Supplied material =>
········

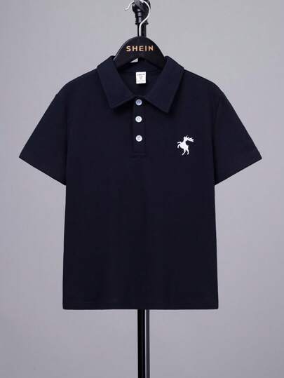 SHEIN 青少年男孩休閒經典鹿紋POLO衫,翻領款式 - 藏蓝色 - 查看 1
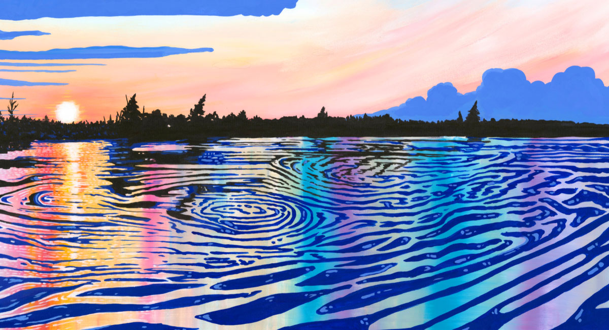 ABOVE: Sarah’s painting Black Rapids View demonstrates her love and inspiration of the Rideau River and is the first painting where she began exploring linework and movement in water.
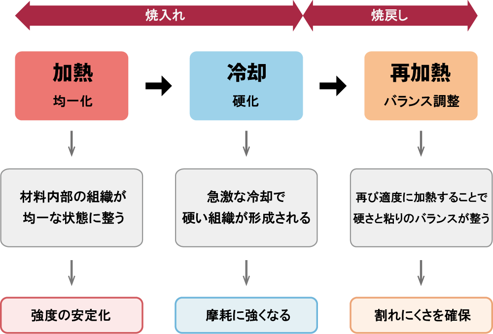 | 靭性 | 衝撃や負荷変動での割れを防ぐ | 焼戻しで硬さと粘りを調整 |

········

Write out every line above exactly, minus images.

The completed task =>
 SHEIN 青少年男孩休閒經典鹿紋POLO衫,翻領款式 - 藏蓝色 - 查看 1
 ABOVE: Sarah’s painting Black Rapids View demonstrates her love and inspiration of the Rideau River and is the first painting where she began exploring linework and movement in water.
 | 靭性 | 衝撃や負荷変動での割れを防ぐ | 焼戻しで硬さと粘りを調整 |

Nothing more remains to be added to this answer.